Here are records with pictures in them. Copy all of them exactly and leave the pictures out.

■ **Data for analysis**
┌──
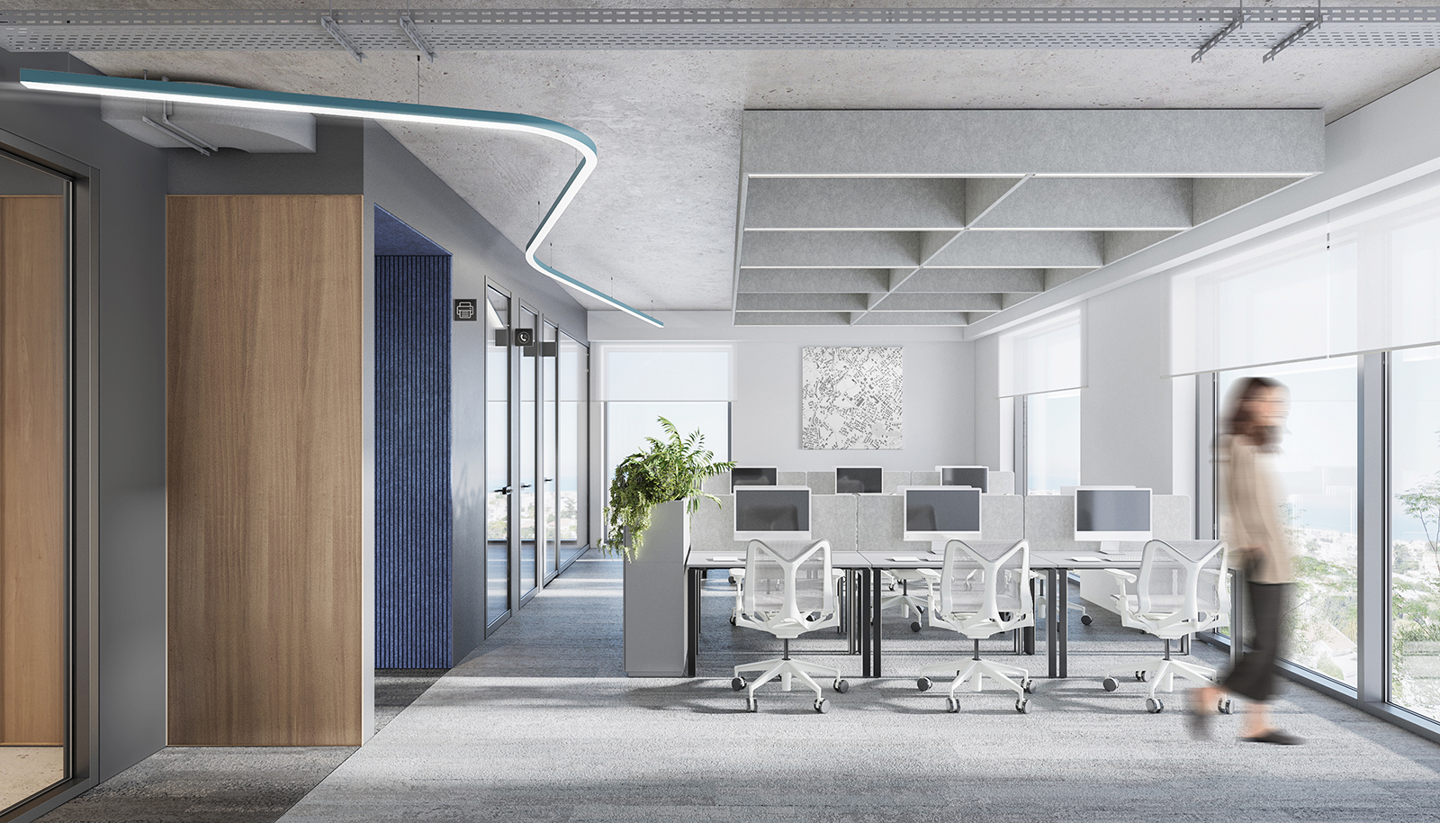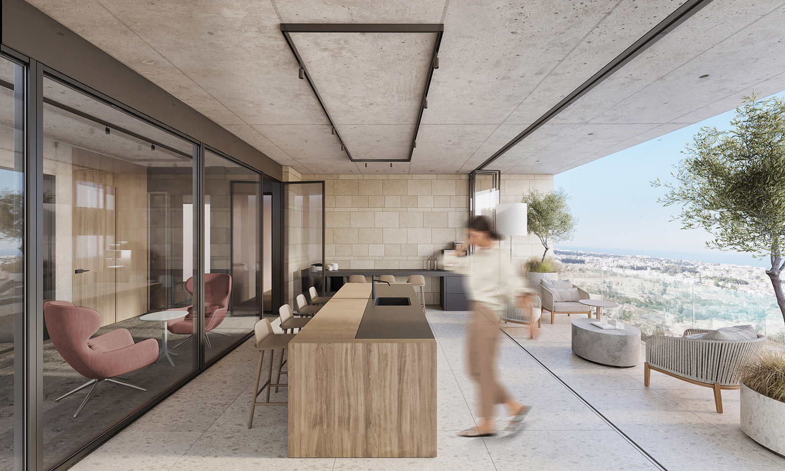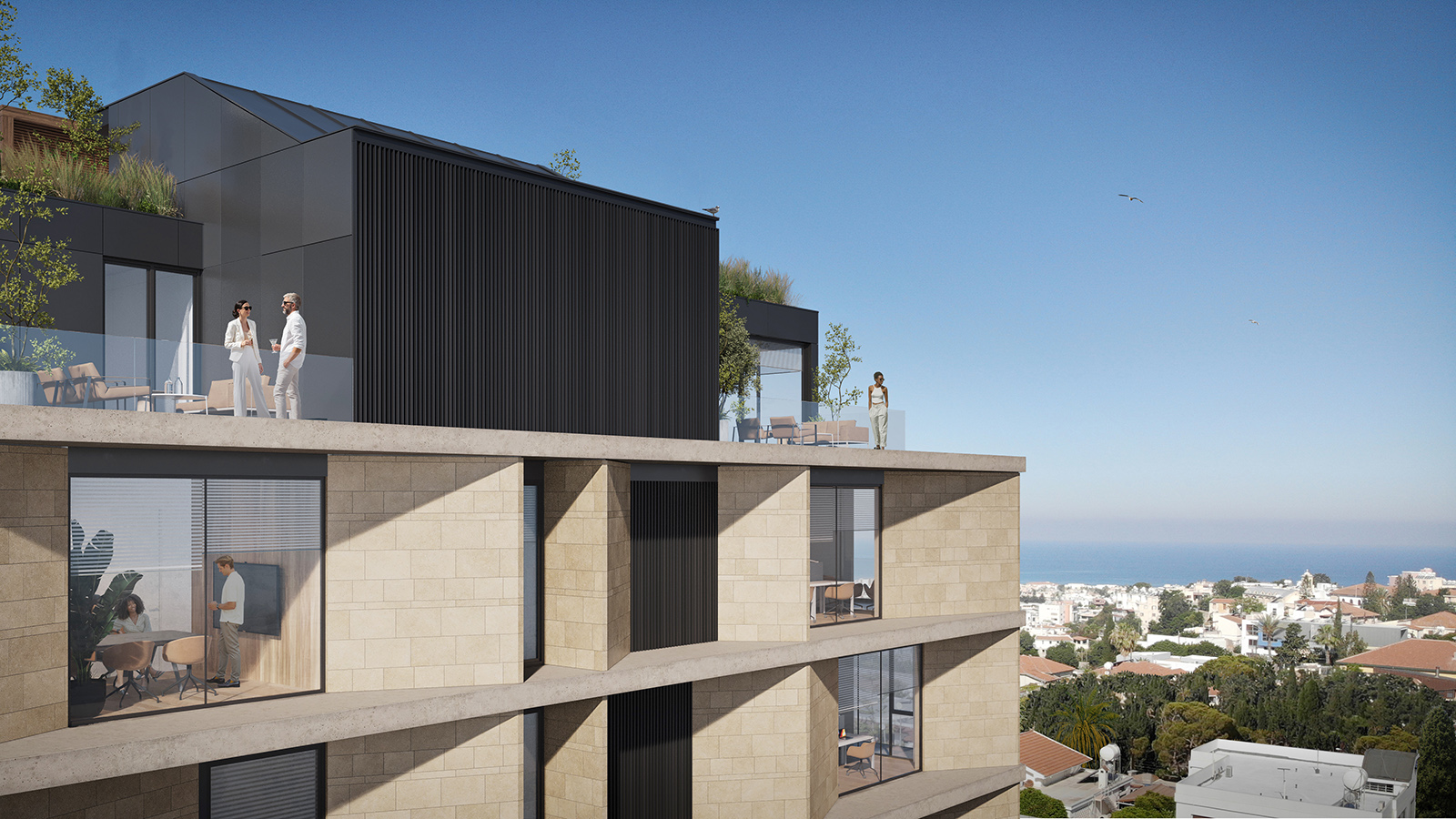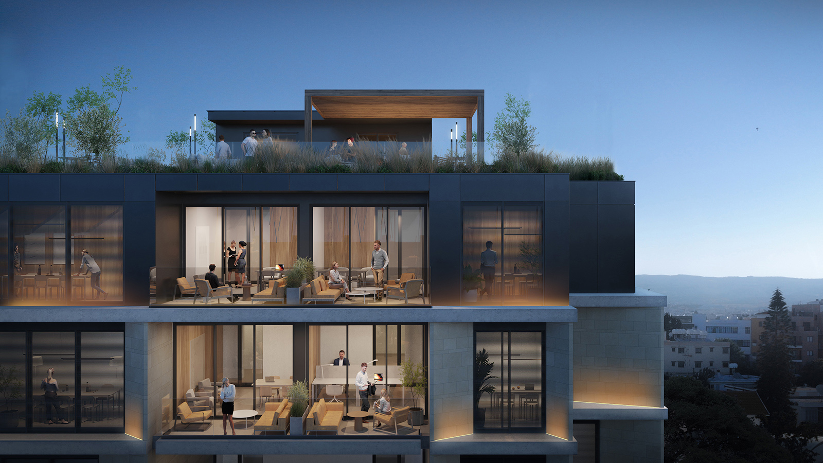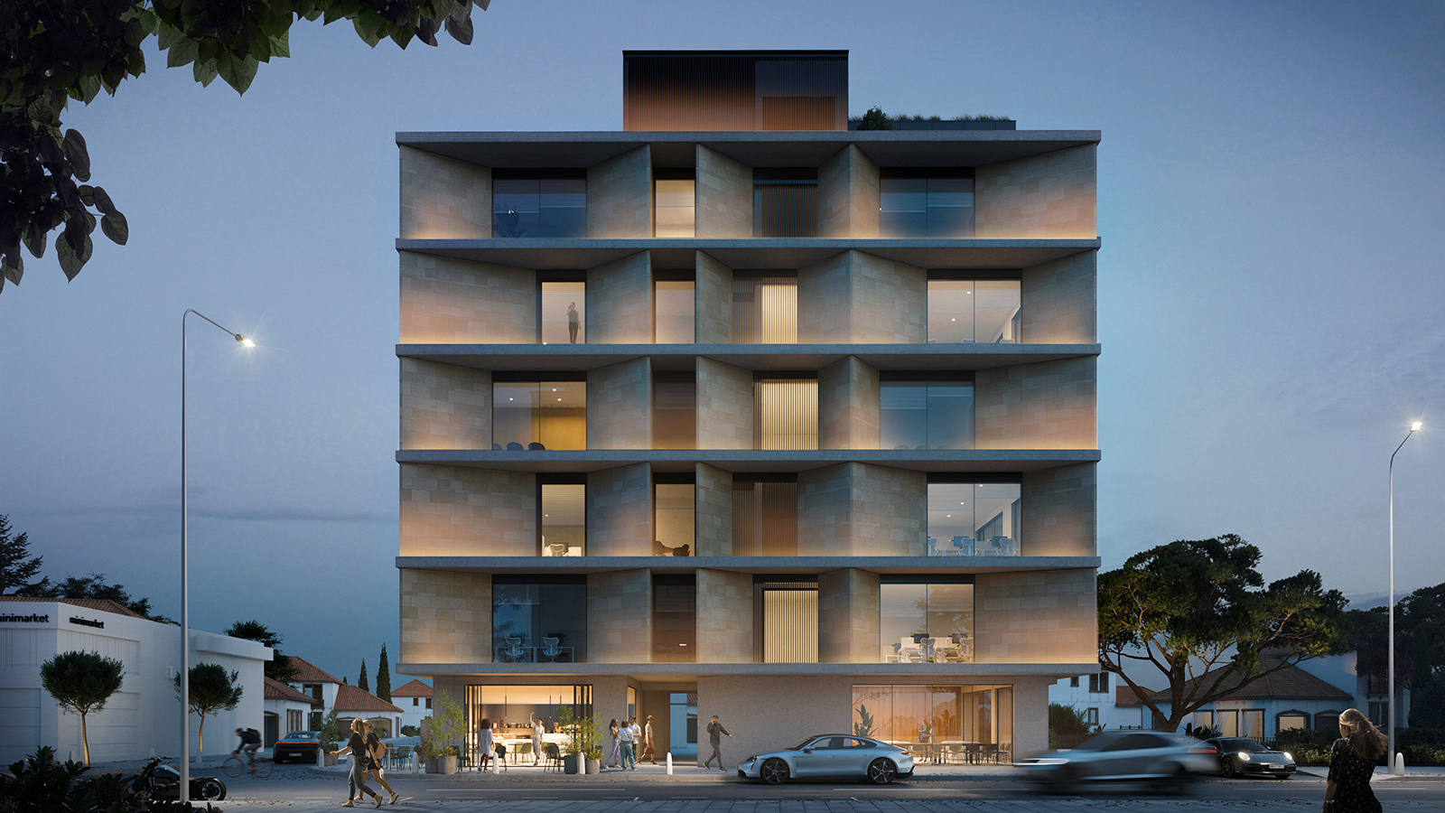 Majestic is a six-story building featuring public facilities on the ground floor and basement. The premises also include ample space for outdoor parking. There are no high-rise buildings in the city center. Since the project site is located on an elevated area, the upper floors offer a unique panoramic view of the entire city, including magnificent sea observe. The layout transitions from public functions on the lower floors to private functions on the upper floors. Thus, the lower levels feature areas such as a reception, café, informal zones and a multifunctional space.
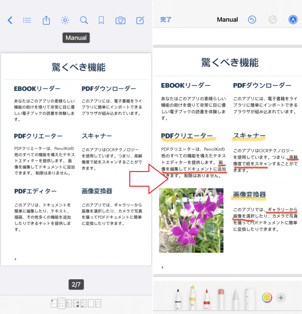 - PDFに画像を組み込む、線を引くなどの編集が行えるエディター
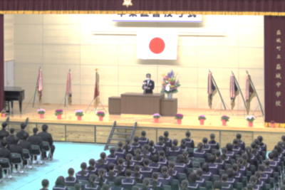 今年度も新型コロナウイルス感染拡大防止のために、来賓の方をお呼びすることもできず、在校生も吹奏楽部の生徒たちも同席できませんでしたが、保護者の皆様、町教育委員会と職員が見守る中、249名の卒業生が益城中学校を巣立ちました。
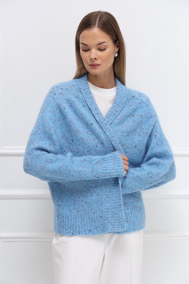 Женский жакет Rich and Royal голубого цвета с меланжевым узором – это стильное и уютное решение для создания комфортных образов. Модель имеет свободный крой и V-образный вырез, что делает ее универсальной и подходящей для различных стилей одежды. Состав: акрил 33%, альпака 30%, полиамид 17%, шерсть 11%, хлопок 6%, полиэстер 2%, эластан 1%
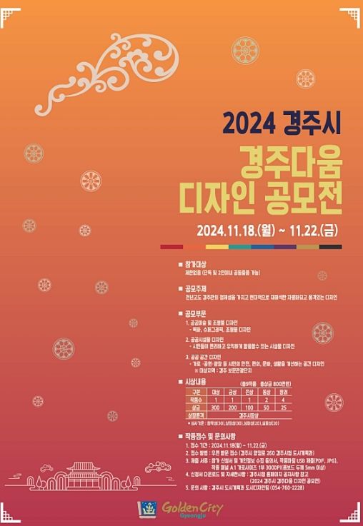 경주시는 ‘역사를 품은 도시 경주를 디자인하다’를 주제로 ‘2024 경주시 경주다움 디자인 공모전’을 개최한다고 11일 밝혔다.
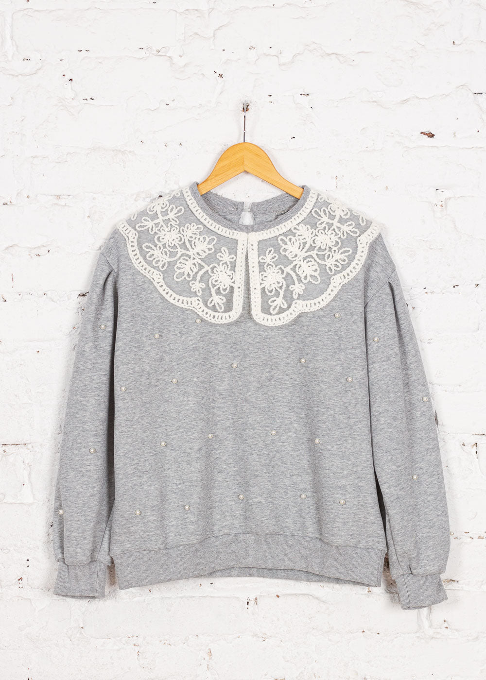 Pulover tricotat cu broderie Sorelle gri
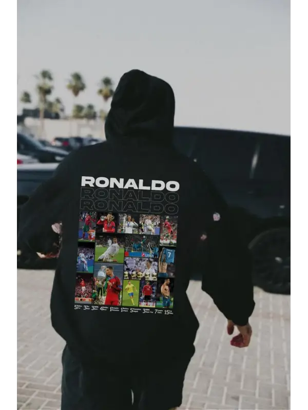Ronaldo Baskılı Siyah Kapşonlu Sweatshirt
└──
■ **Exercise output**
 Majestic is a six-story building featuring public facilities on the ground floor and basement. The premises also include ample space for outdoor parking. There are no high-rise buildings in the city center. Since the project site is located on an elevated area, the upper floors offer a unique panoramic view of the entire city, including magnificent sea observe. The layout transitions from public functions on the lower floors to private functions on the upper floors. Thus, the lower levels feature areas such as a reception, café, informal zones and a multifunctional space.
 - PDFに画像を組み込む、線を引くなどの編集が行えるエディター
 今年度も新型コロナウイルス感染拡大防止のために、来賓の方をお呼びすることもできず、在校生も吹奏楽部の生徒たちも同席できませんでしたが、保護者の皆様、町教育委員会と職員が見守る中、249名の卒業生が益城中学校を巣立ちました。
 Женский жакет Rich and Royal голубого цвета с меланжевым узором – это стильное и уютное решение для создания комфортных образов. Модель имеет свободный крой и V-образный вырез, что делает ее универсальной и подходящей для различных стилей одежды. Состав: акрил 33%, альпака 30%, полиамид 17%, шерсть 11%, хлопок 6%, полиэстер 2%, эластан 1%
 경주시는 ‘역사를 품은 도시 경주를 디자인하다’를 주제로 ‘2024 경주시 경주다움 디자인 공모전’을 개최한다고 11일 밝혔다.
 Pulover tricotat cu broderie Sorelle gri
Ronaldo Baskılı Siyah Kapşonlu Sweatshirt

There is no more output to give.